Brown began walking slowly towards Hornblower, Bush clinging to him, the leather-tipped end of the wooden leg falling with a thump on the floor at each effort to take a stride with it — Bush was swinging it too high, while his sound leg sagged at the knee in its weakness.

“God!” said Bush again. “Easy! Easy!”

Hornblower rose in time to catch him and to lower him into the chair, where Bush sat and gasped. His big white face, already unnaturally pale through long confinement, was whiter than ever. Hornblower remembered with a pang the old Bush, burly and self-confident, with a face which might have been rough-hewn from a solid block of wood; the Bush who feared nothing and was prepared for anything. This Bush was frightened of his weakness. It had not occurred to him that he would have to learn to walk again — and that walking with a wooden leg was another matter still.

“Take a rest,” said Hornblower, “before you start again.”

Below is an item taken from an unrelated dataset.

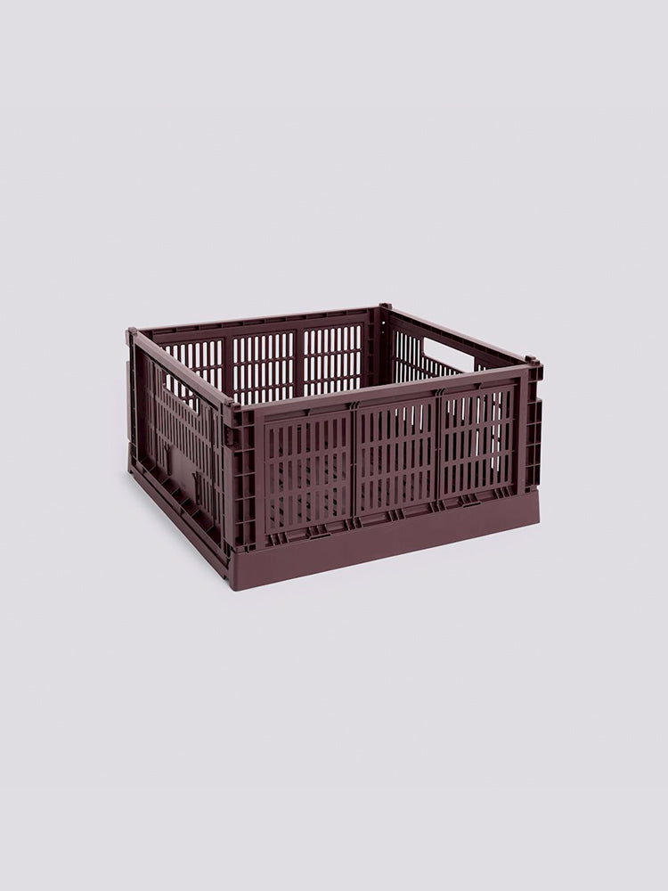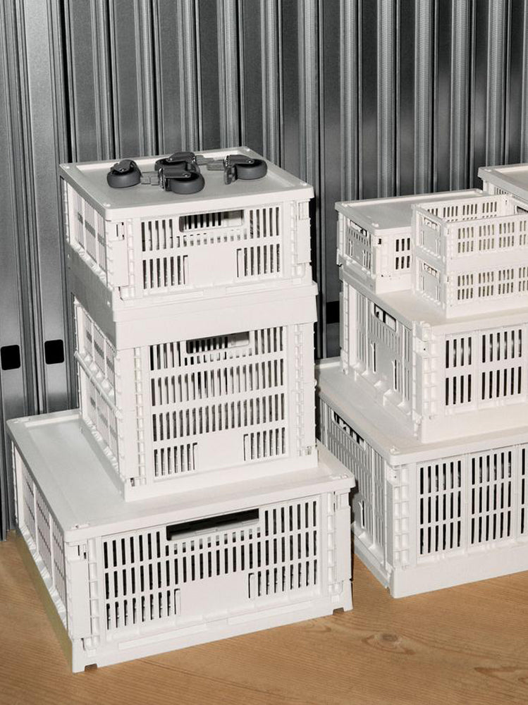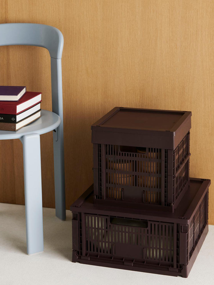 The New version of Colour Crate is here! Hay has created this series of multifunctional plastic storage boxes in a variety of different colours and sizes. Featuring a foldable and stackable design, these crates became a worldwide trend thanks to their practicality and colour palette. The crates are safe for using with food and are 100% recyclable.

Desperately anxious as Bush had been to walk, weary as he was of helplessness, there were times during the next few days when Hornblower had to give him active encouragement while he was learning to walk. All the difficulties that arose had been unforeseen by him, and depressed him out of proportion to their importance. It was a matter of some days before he mastered his giddiness and weakness, and then as soon as he was able to use the wooden leg effectively they found all manner of things wrong with it. It was none too easy to find the most suitable length, and they discovered to their surprise that it was a matter of some importance to set the leather tip at exactly the right angle to the shaft — Brown and Hornblower between them, at a work-table in the stable yard, made and remade that wooden leg half a dozen times. Bush’s bent knee, on which his weight rested when he walked, grew sore and inflamed; they had to pad the kneecap and remake the socket to fit, more than once, while Bush had to take his exercise in small amounts until the skin over his kneecap grew calloused and more accustomed to its new task. And when he fell — which was often — he caused himself frightful agony in his stump, which was hardly healed; with his knee bent at right angles the stump necessarily bore the brunt of practically any fall, and the pain was acute.

But teaching Bush to walk was one way of passing the long winter days, while orders from Paris turned out the conscripts from every depot round, and set them searching once more for the missing English prisoners. They came on a day of lashing rain, a dozen shivering boys and a sergeant, wet through, and made only the poorest pretence at searching the house and its stabling — Hornblower and Bush and Brown were safe enough behind the hay in an unobtrusive loft. The conscripts were given in the kitchen a better meal by the servants than they had enjoyed for some time, and marched off to prosecute their inquiries elsewhere — every house and village for miles round was at least visited.

After that the next occurrence out of the ordinary was the announcement in Bonaparte’s newspapers that the English captain and lieutenant, Hornblower and Bush, had met a well-deserved fate by being drowned in the Loire during an attempt to escape from an escort which was conducting them to their trial; undoubtedly (said the bulletin) this had saved the miscreants from the firing party which awaited them for the purpose of exacting the penalty of their flagrant piracy in the Mediterranean.